_TASK ITEM_
Exact copy, pictures excluded: please retype the lines from the start of the material through the line containing "鄂北工程全线试通水四年来,已", both ends included, and nothing more.

_AVAILABLE DATA_
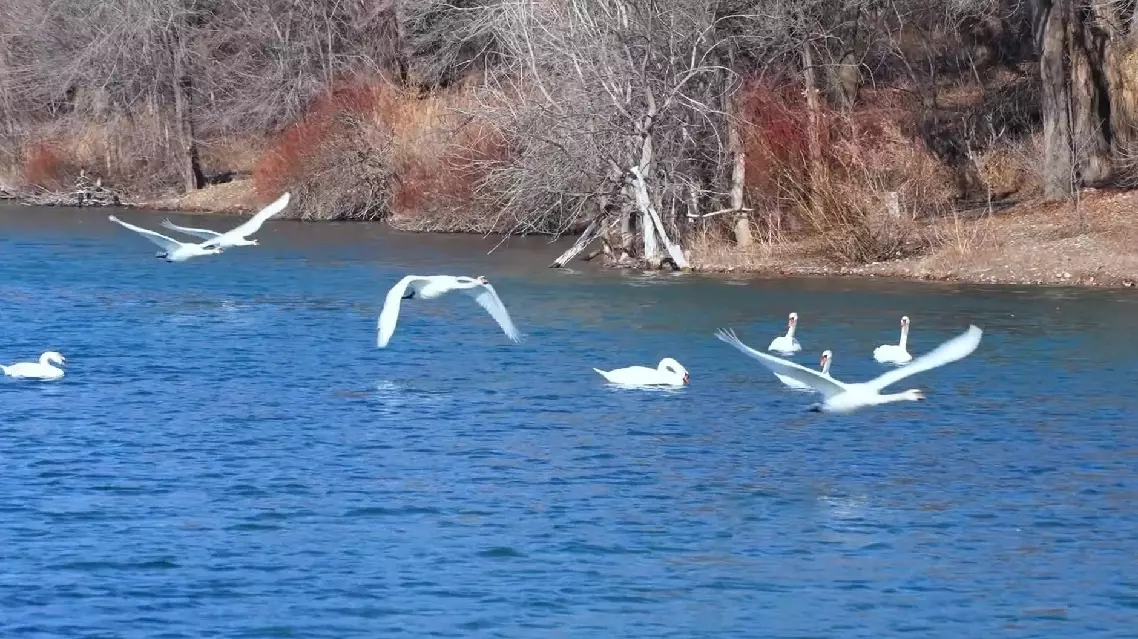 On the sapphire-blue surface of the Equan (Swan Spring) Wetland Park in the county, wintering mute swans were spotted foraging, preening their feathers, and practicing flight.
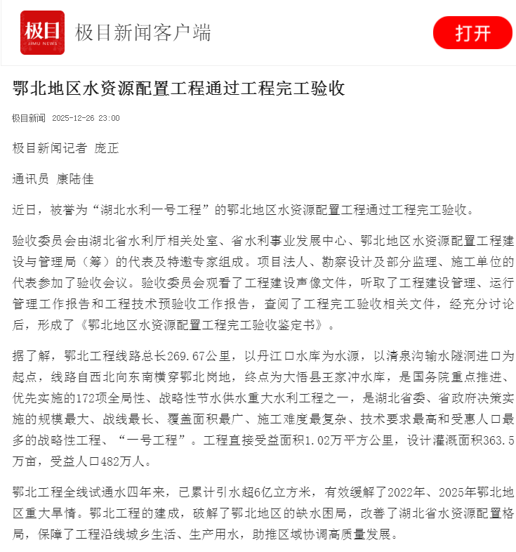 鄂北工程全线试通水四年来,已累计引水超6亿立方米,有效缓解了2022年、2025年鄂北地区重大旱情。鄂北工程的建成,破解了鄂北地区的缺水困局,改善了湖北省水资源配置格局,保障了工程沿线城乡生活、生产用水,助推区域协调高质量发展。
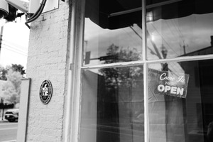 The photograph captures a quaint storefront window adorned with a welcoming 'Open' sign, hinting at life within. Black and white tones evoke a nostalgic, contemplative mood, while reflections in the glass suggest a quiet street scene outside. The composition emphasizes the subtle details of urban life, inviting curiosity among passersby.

_TASK RESULT_
 On the sapphire-blue surface of the Equan (Swan Spring) Wetland Park in the county, wintering mute swans were spotted foraging, preening their feathers, and practicing flight.
 鄂北工程全线试通水四年来,已累计引水超6亿立方米,有效缓解了2022年、2025年鄂北地区重大旱情。鄂北工程的建成,破解了鄂北地区的缺水困局,改善了湖北省水资源配置格局,保障了工程沿线城乡生活、生产用水,助推区域协调高质量发展。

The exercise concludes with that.